“Insert or swipe?” I ask the cashier.
“Insert,” he answers, and I obediently shove my American Express into the slot. I could have swiped, signed, and returned to my car in the time it takes for the machine to release my chipped credit card, but the system is new and secure and excruciatingly slow.
As we wait for the card to be read, I reminisce about how, in the olden days, credit cards used to be swiped manually. I turn to Gwen and tell her about the carbon copies, imprinting the numbers onto the paper with a satisfying click-swoosh of the machine. The cashier chimes in, lending credibility to another one of Mom’s “when I was your age” stories.
I have many of those stories, and every time I tell one, I feel like it is my generation’s equivalent of “I walked barefoot, twenty miles to and from school every day, uphill. Both ways.”
While they may be cliché, they are true. I am a child of the eighties, and the rate at which technology has advanced since then is astounding. When I tell my kids about the way things used to be, it probably sounds as alien to them as the uphill barefoot scenario sounded to me.
Their generation has never known:
Styrofoam fast food containers
Ashtrays – I used to have a pretty glass bowl that was actually an ashtray. One of the kids asked what the little notches were on the rim of the bowl; they had no idea such items existed.
Perforated edges of printer paper, with all the holes in it
Car windows that roll down manually – Gwen vaguely remembers my old Nissan Sentra, with the odd levers that she had to crank to move the window up and down.
Cassette and VCR tapes – For Mother’s Day 2003 or 2004, Matt had a CD player installed in my minivan. Gwen remembers the old Barney tapes, but James has no recollection of this ancient form of media.
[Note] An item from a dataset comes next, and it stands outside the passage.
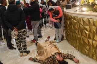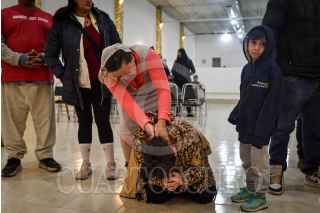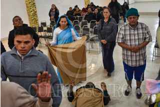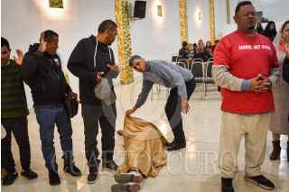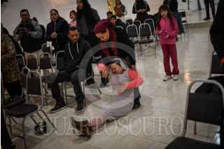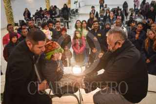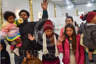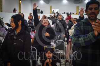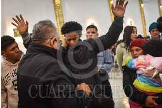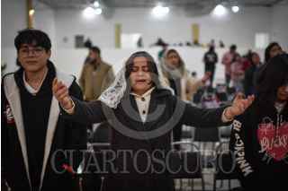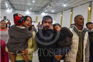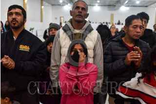 TORREÓN, COAHUILA, 09ENERO2025.- Un grupo de migrantes, en su mayoría venezolanos, que descansaba en un albergue de la ciudad, fueron invitados por una organización cristiana a una misa. En la ceremonia, a la que a su vez asistieron devotos locales, el pastor ofreció una palabras de apoyo a los migrantes y, de paso, realizó oraciones y peticiones para sanarlos de enfermedades e infortunios. FOTO: PEDRO ANZA /CUARTOSCURO.COM
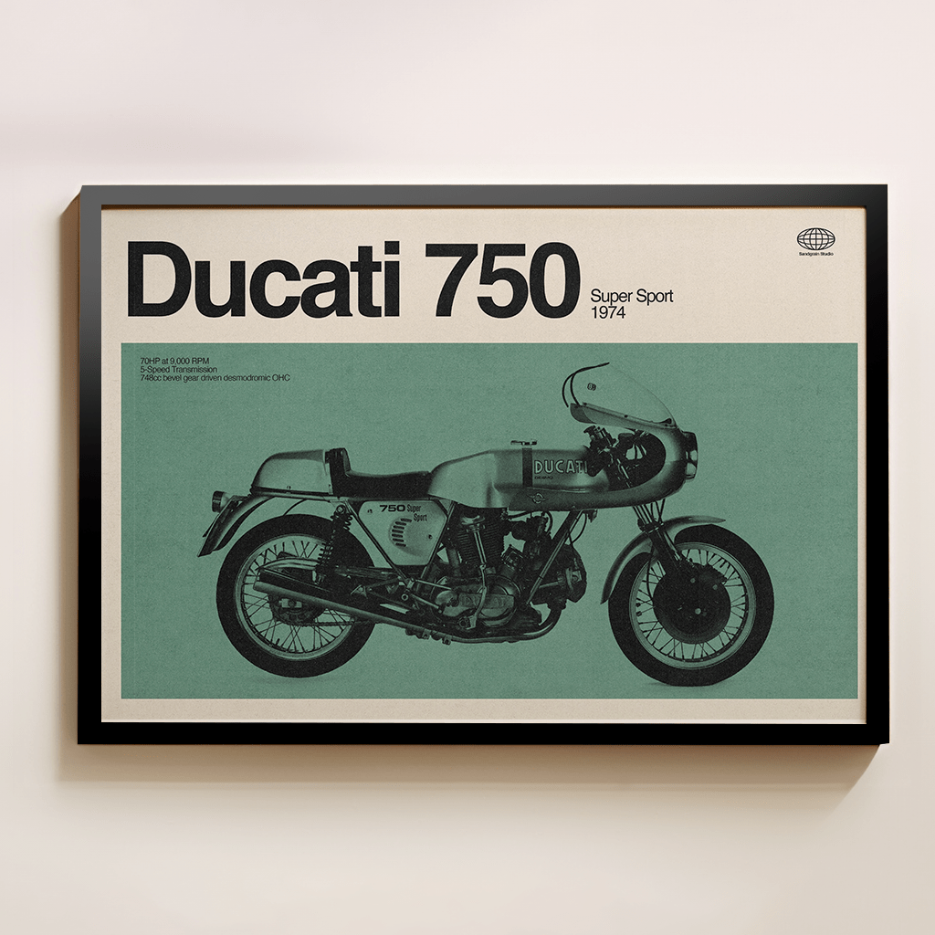 1974 Ducati 750 Super Sport Motorcycle wall art, Midcentury Modern Art Print -  Vintage aesthetic

Riding backwards in the back of a station wagon with no seatbelt
Twisting a spiral phone cord around their fingers – I still have the telephone my grandmother gave me when I graduated high school. I used it for three years in college, until the school installed a fancy voicemail system and we had to use university-issued phones.
A roll of film
Signing their name in cursive – Gwen learned it; James didn’t. Sometime between her third grade year and his, Someone Important decided that teaching cursive was not necessary.
*****
The four of us like to play a board game called Wits and Wagers. Each answer is a number, and players wager a guess on that number. Everyone’s answer is shown in numerical order, and then players bet on where the correct answer falls. Some questions are tough for all of us (In feet, how long was the largest whale ever recorded?) and some give Matt and me the advantage (What year did MTV debut?).
1981 is the answer, and we both got it. When it came time to bet on the right year, both kids wisely put their chips on our answers.
We know MTV. Our kids know You Tube.
We know Reagan’s assassination attempt. Our kids know the Paris bombings.
We know Blockbuster’s. Our kids know Netflix.
As Gwen prepares to head to college in the fall, I wonder how different her experience will be from mine. The admissions process has changed, even from when I was an admissions counselor eighteen years ago. Everything is online, from the application to roommate selection to placement exams. But many things will be the same.
She will have a roommate or two, and those young women could becomes friends for life.
She will take notes in class, although she will use a laptop instead of a spiral notebook.
She will do her own laundry, although she can use a flex card to pay instead of scrounging for quarters.
She will explore new interests, and hopefully remember that the legal drinking age is still 21.
She will meet friends in the dining hall for lunch. And when she does, she’ll use her student ID card to pay for the meal. Whether she will insert it or swipe it remains to be seen.
Linking up with Kristi and Corinne for Finish the Sentence Friday. The prompt is “The day I was born,” although I didn’t really use it. I wrote about how things were before my kids were born though, does that count? I’m counting it.